_Exercise requirements:_
Looking at the listing below, retype exactly the lines starting at the one containing "Lista de participantes: Fran" and ending at the one containing "Bej keten kumaştan, bol", both included, and nothing else.

::: Exercise inputs

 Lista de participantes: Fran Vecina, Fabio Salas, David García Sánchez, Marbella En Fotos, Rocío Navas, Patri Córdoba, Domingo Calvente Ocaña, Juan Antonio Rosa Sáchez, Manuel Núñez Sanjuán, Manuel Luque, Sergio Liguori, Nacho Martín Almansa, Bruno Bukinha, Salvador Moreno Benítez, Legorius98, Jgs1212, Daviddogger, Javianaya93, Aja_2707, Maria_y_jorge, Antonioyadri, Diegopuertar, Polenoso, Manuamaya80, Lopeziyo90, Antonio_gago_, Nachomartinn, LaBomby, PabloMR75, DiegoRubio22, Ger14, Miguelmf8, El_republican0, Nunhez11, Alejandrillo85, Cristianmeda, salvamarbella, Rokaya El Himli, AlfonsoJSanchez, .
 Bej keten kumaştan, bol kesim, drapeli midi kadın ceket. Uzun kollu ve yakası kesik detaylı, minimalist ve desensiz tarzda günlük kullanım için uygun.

::::::
::: Exercise inputs

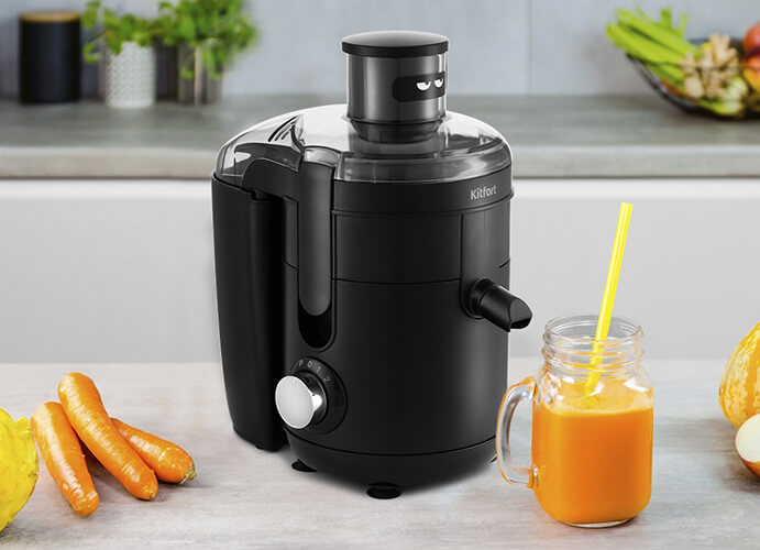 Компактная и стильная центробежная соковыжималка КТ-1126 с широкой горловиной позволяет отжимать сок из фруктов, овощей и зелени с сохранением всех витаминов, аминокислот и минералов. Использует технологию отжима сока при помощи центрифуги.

::::::
::: Exercise inputs

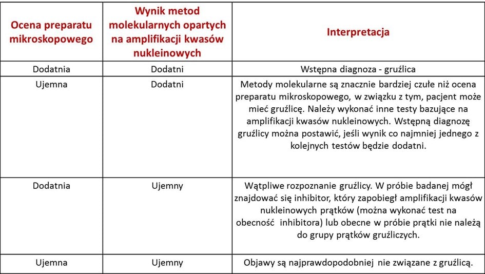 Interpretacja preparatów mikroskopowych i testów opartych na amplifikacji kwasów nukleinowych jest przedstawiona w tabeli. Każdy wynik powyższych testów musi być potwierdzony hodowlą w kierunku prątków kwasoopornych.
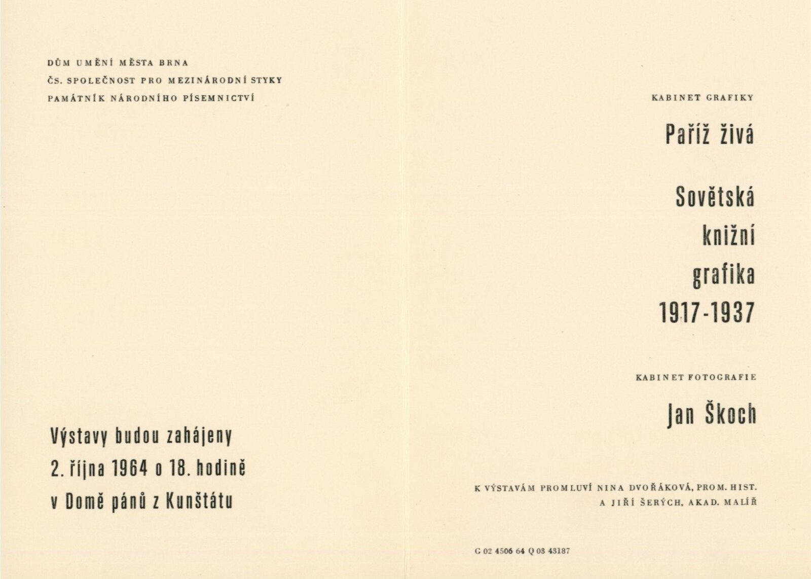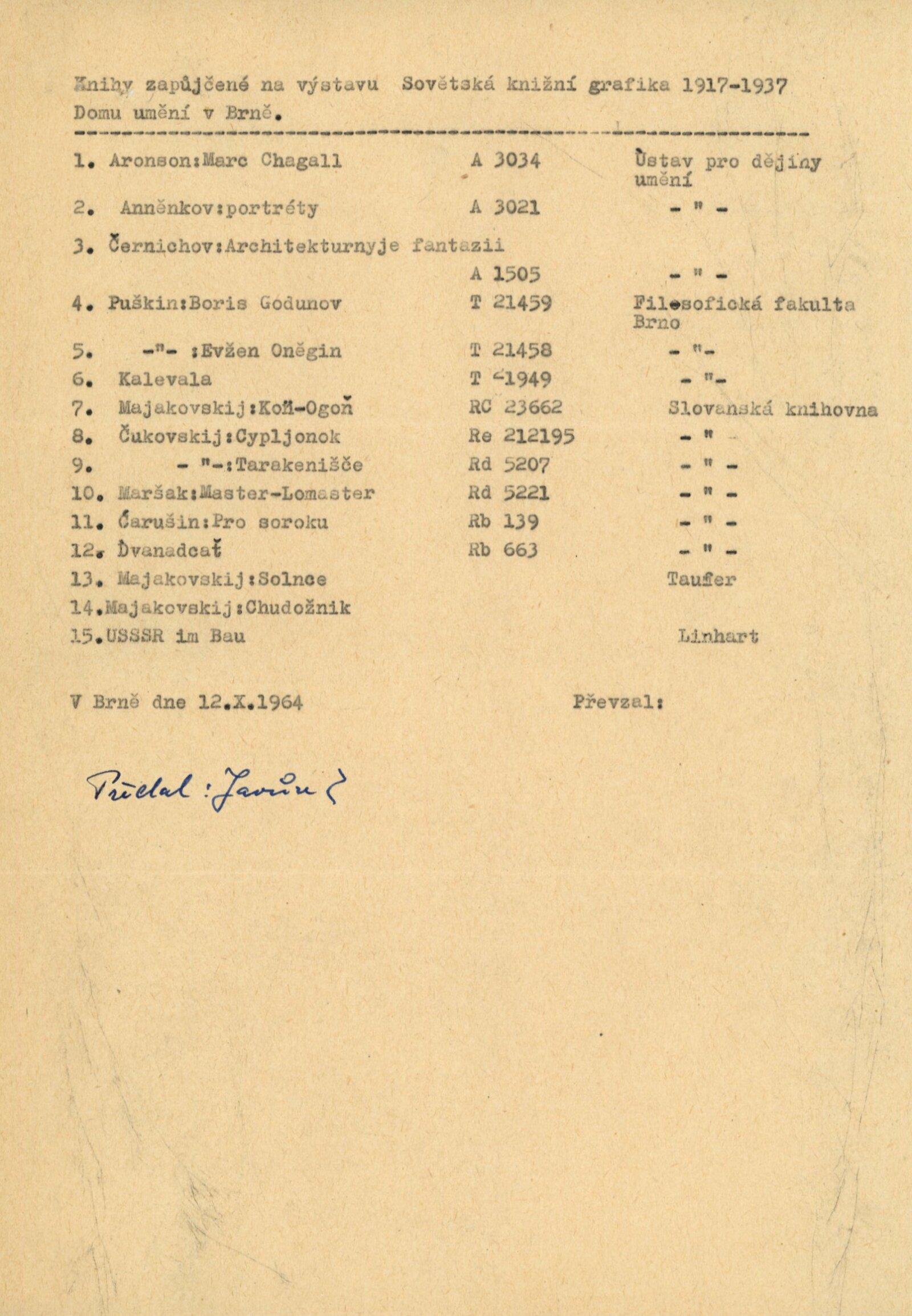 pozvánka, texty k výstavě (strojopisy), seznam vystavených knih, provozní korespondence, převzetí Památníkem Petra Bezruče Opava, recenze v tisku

::::::

_Exercise result:_
 Lista de participantes: Fran Vecina, Fabio Salas, David García Sánchez, Marbella En Fotos, Rocío Navas, Patri Córdoba, Domingo Calvente Ocaña, Juan Antonio Rosa Sáchez, Manuel Núñez Sanjuán, Manuel Luque, Sergio Liguori, Nacho Martín Almansa, Bruno Bukinha, Salvador Moreno Benítez, Legorius98, Jgs1212, Daviddogger, Javianaya93, Aja_2707, Maria_y_jorge, Antonioyadri, Diegopuertar, Polenoso, Manuamaya80, Lopeziyo90, Antonio_gago_, Nachomartinn, LaBomby, PabloMR75, DiegoRubio22, Ger14, Miguelmf8, El_republican0, Nunhez11, Alejandrillo85, Cristianmeda, salvamarbella, Rokaya El Himli, AlfonsoJSanchez, .
 Bej keten kumaştan, bol kesim, drapeli midi kadın ceket. Uzun kollu ve yakası kesik detaylı, minimalist ve desensiz tarzda günlük kullanım için uygun.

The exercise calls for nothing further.